Alessandro Alleruzzo è il figlio del boss Giuseppe, ormai deceduto, che negli anni ’70 e ‘80 guidava il gruppo paternese di Cosa Nostra. Un gruppo al centro di numerose faide sanguinose e legato ai Santapaola. Quando gli uccisero la moglie e uno dei figli, Giuseppe Alleruzzo decise di collaborare con la giustizia.
Alessandro Alleruzzo è anche cugino di Santo Alleruzzo, 64 anni, detto “a vipera” considerato il reggente del clan fino al suo ultimo arresto avvenuto nell’ambito della operazione “Sotto Scacco”.
Il 25 marzo del 1998 militari del Nucleo operativo della Compagnia di Paternò avevano ricevuto due telefonate anonime (Santo Alleruzzo aveva ordinato ad Alessandro di far ritrovare il corpo della sorella per darle una degna sepoltura): in un pozzo nelle campagne di Paternò c’erano resti ossei di una donna, in particolare il teschio con due fuori provocati dai colpi di pistola calibro 7.65.
Il giorno della scomparsa il figlio di 5 anni disse di avere visto la mamma uscire di casa con suo zio Alessandro.
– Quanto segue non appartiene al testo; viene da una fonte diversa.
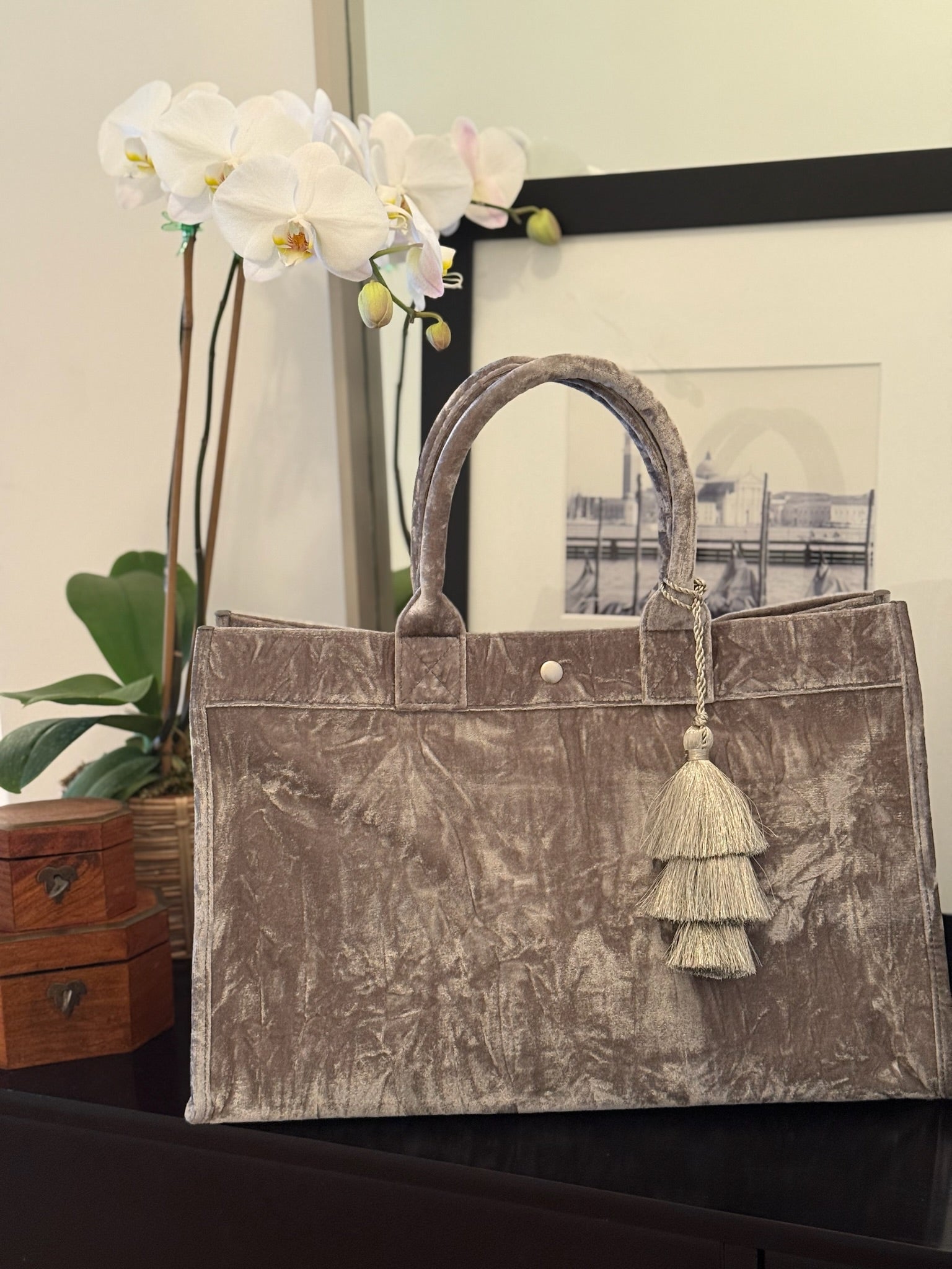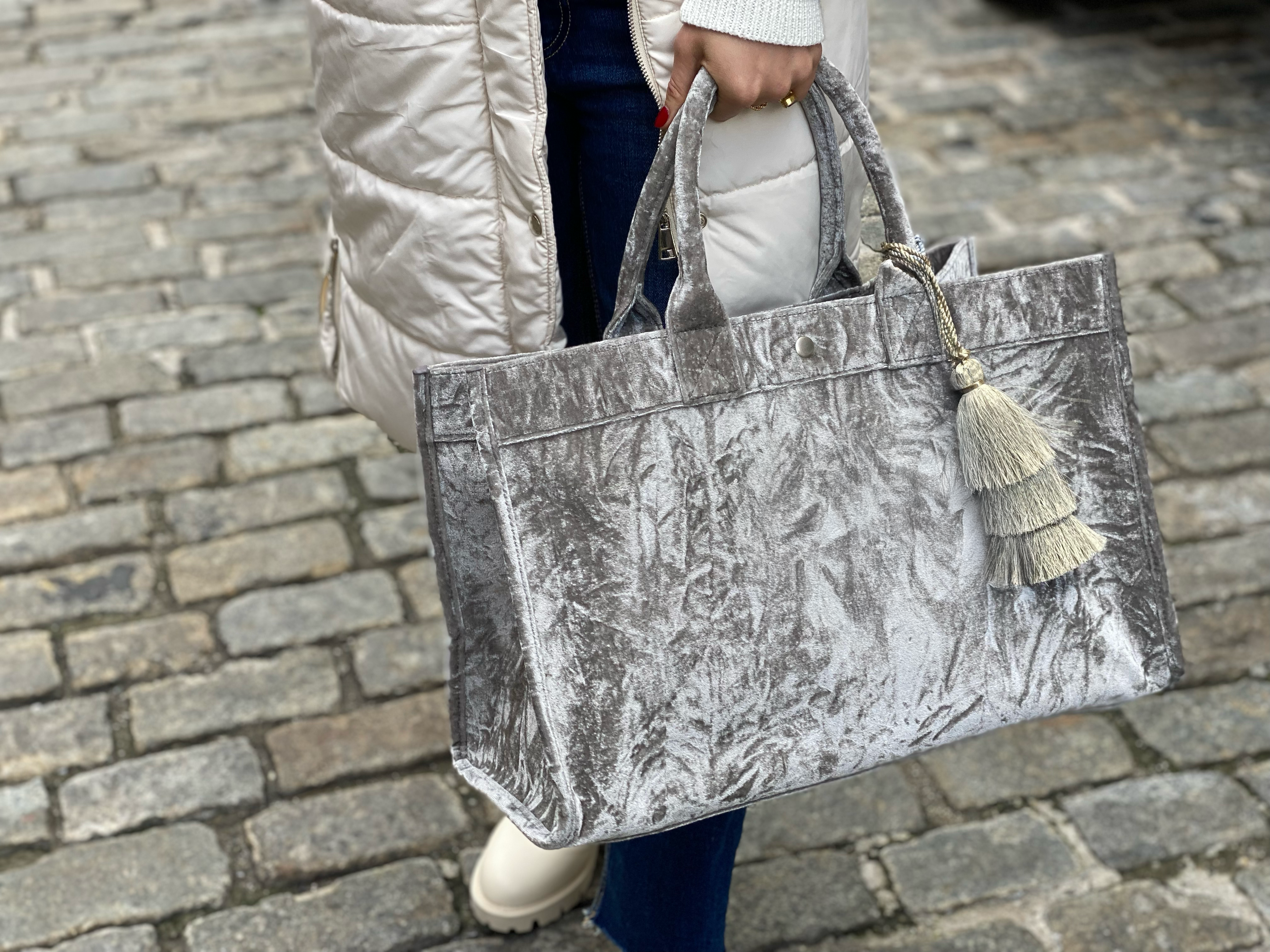 Grey Velvet East West Bag + FREE Champagne Tassel

Solo recentemente, però, sono arrivate le dichiarazioni di tre collaboratori di giustizia: Francesco Bonomo, Antonino Giuseppe Caliò e Orazio Farina.
Bonomo ha detto di aver saputo da Giovanni Messina e da Caliò che l’omicidio di Nunzia era stato commesso dal fratello Alessandro. Caliò ha aggiunto di averlo saputo dallo stesso Alessandro Alleruzzo, il quale gli aveva raccontato di essersi sporcato di sangue e terra perché aveva dovuto trascinare il corpo.
Farina ha precisato che tra le relazioni contestate a Nunzia c’era anche quella con Messina, componente del gruppo, che aveva ucciso la madre e pianificava di eliminare lo stesso Alessandro.
Pochi mesi fa i carabinieri hanno raccolto le testimonianze dei parenti di vittima e presunto carnefice, caratterizzate da ritrattazioni sospette. Sono state anche piazzate le microspie nel carcere Asti e sono stati intercettati Giovanni Messina e Salvatore Assinata. Quando il 9 febbraio scorso sulla stampa si scrisse della riapertura delle indagini, i due commentavano: “mi rissi…o iddi pavunu…e Alessandro è il mandante…ehh… ammazzau… ehh”.